- Work to be completed -
Write the lines out again, from the top of the material to the line containing "CUENTA CON ESTUDIO, CUARTO", pictures excluded.

- Data extract -
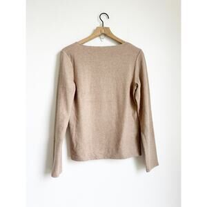 Vince Women's Long Sleeve Cozy Scoop Neck Top Large Tan Brown
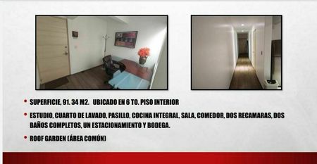 CUENTA CON ESTUDIO, CUARTO DE LAVADO, PASILLO, COCINA INTEGRAL, SALA, COMEDOR, DOS RECAMARAS, DOS BAÑOS COMPLETOS, UN ESTACIONAMIENTO Y BODEGA.
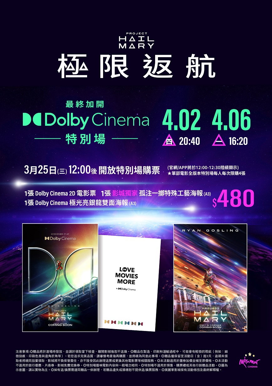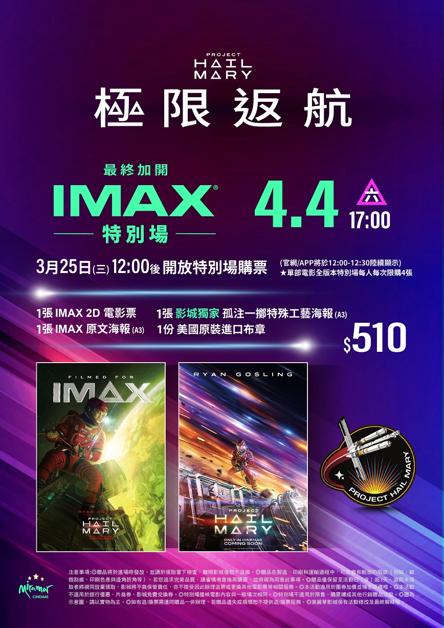 改編《絕地救援》暢銷作家同名小說,《蜘蛛人:新宇宙》系列菲爾洛德與克里斯多福米勒執導,萊恩葛斯林主演。 科學老師萊倫格雷斯在一艘距離地球好幾光年的太空船上醒來,卻對自己的身分和來到這裡的原因一無所知。隨著記憶逐漸恢復,他開始揭開任務的真相,解開一種神祕物質導致太陽衰亡的謎團。他必須運用自己的科學知識與創意想法,拯救地球的滅絕危機……但一位意料之外的訪客,讓他或許不用獨自奮鬥。

- Exercise result -
 Vince Women's Long Sleeve Cozy Scoop Neck Top Large Tan Brown
 CUENTA CON ESTUDIO, CUARTO DE LAVADO, PASILLO, COCINA INTEGRAL, SALA, COMEDOR, DOS RECAMARAS, DOS BAÑOS COMPLETOS, UN ESTACIONAMIENTO Y BODEGA.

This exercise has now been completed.